There is in our view an important distinction to be drawn between a life sentence prisoner who develops a mental illness or disorder post sentence and who is transferred to hospital under sections 47 and 49 of the 1983 Act and one whose condition was such at the time of sentence that the judge should have made a hospital order with a restriction under sections 37 and 41 of the 1983 Act. This distinction was recognised by the device of the grant of ‘technical lifer’ status which, for reasons we have explained is no longer granted. The present case falls fairly and squarely with the latter category. It is not as if some treatment or drug has come into existence subsequently that was not available or known about at the time of sentence in 1991. If Popplewell J. had had the evidence before him that we have had it is inevitable that he would have made a hospital order with a restriction. Indeed he expressly said when passing sentence that it would have been the most appropriate disposal. He did not make such an order solely because he did not have evidence that his condition was treatable within the meaning of section 37. There is now overwhelming evidence that it was.

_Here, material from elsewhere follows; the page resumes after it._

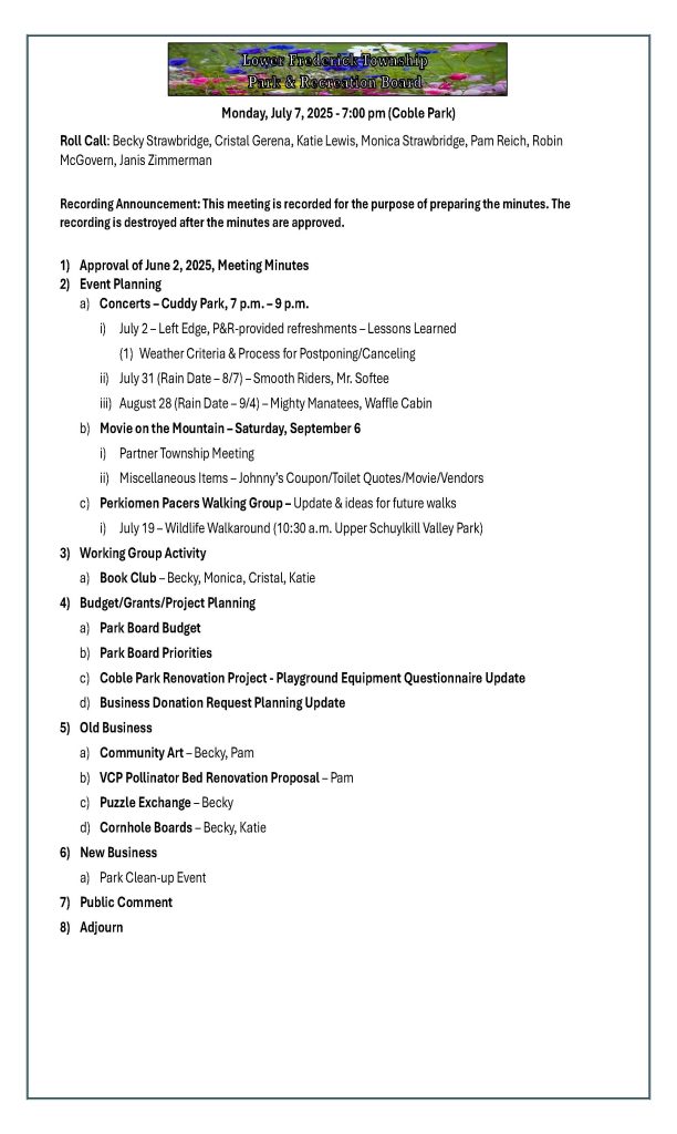 7:00pm Park & Recreation Board Meeting -at Coble Park

Bearing in mind the criteria for granting ‘technical lifer’ status we think it is very difficult to envisage circumstances where, ‘technical lifer’ status having been granted, the court would not substitute a hospital order with a restriction for a life sentence. ‘Technical lifer’ status is only afforded if the prisoner is treatable.

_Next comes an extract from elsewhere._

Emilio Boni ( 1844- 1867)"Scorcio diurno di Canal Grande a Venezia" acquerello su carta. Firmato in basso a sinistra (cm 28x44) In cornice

It is obviously important, perhaps even more so now that ‘technical lifer’ status is no longer granted, that those who should have been the subject of a hospital order under sections 37/41 rather than life imprisonment should have the position rectified on appeal. That said, however, the court will always scrutinise with great care cases in which an appellant seeks to rely on psychiatric evidence directed to his mental state at the date of sentence that was not advanced at the time. Each case is likely to be decided on its own specific facts.
The appeal against sentence is allowed. The life sentence will be quashed and will be substituted with a hospital order with a restriction under sections 37/41 of the 1983 Act.